◆ TASK DESCRIPTION ◆
With the pictures left out, retype exactly the lines below starting at the line that contains "В закладке Wireless" and ending at the line that contains "pics through loupe.".

◆ DATA PROVIDED ◆

>>

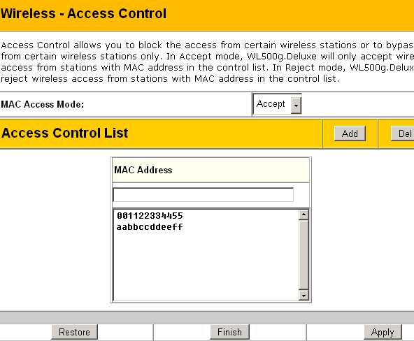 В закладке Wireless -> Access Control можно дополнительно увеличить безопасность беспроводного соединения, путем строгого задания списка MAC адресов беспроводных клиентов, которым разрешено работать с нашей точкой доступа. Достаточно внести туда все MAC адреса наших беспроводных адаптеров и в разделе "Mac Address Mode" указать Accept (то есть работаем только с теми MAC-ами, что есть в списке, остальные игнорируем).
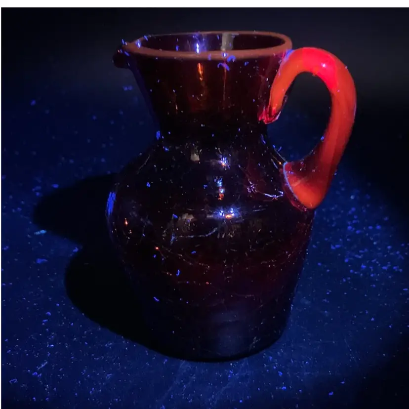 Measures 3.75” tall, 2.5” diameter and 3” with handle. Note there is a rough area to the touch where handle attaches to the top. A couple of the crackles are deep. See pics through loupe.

<<
>>

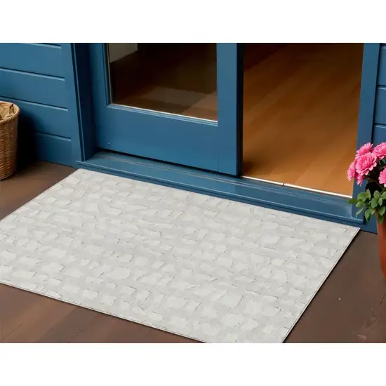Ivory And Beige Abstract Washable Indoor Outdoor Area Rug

<<

◆ RESPONSE AREA ◆
 В закладке Wireless -> Access Control можно дополнительно увеличить безопасность беспроводного соединения, путем строгого задания списка MAC адресов беспроводных клиентов, которым разрешено работать с нашей точкой доступа. Достаточно внести туда все MAC адреса наших беспроводных адаптеров и в разделе "Mac Address Mode" указать Accept (то есть работаем только с теми MAC-ами, что есть в списке, остальные игнорируем).
 Measures 3.75” tall, 2.5” diameter and 3” with handle. Note there is a rough area to the touch where handle attaches to the top. A couple of the crackles are deep. See pics through loupe.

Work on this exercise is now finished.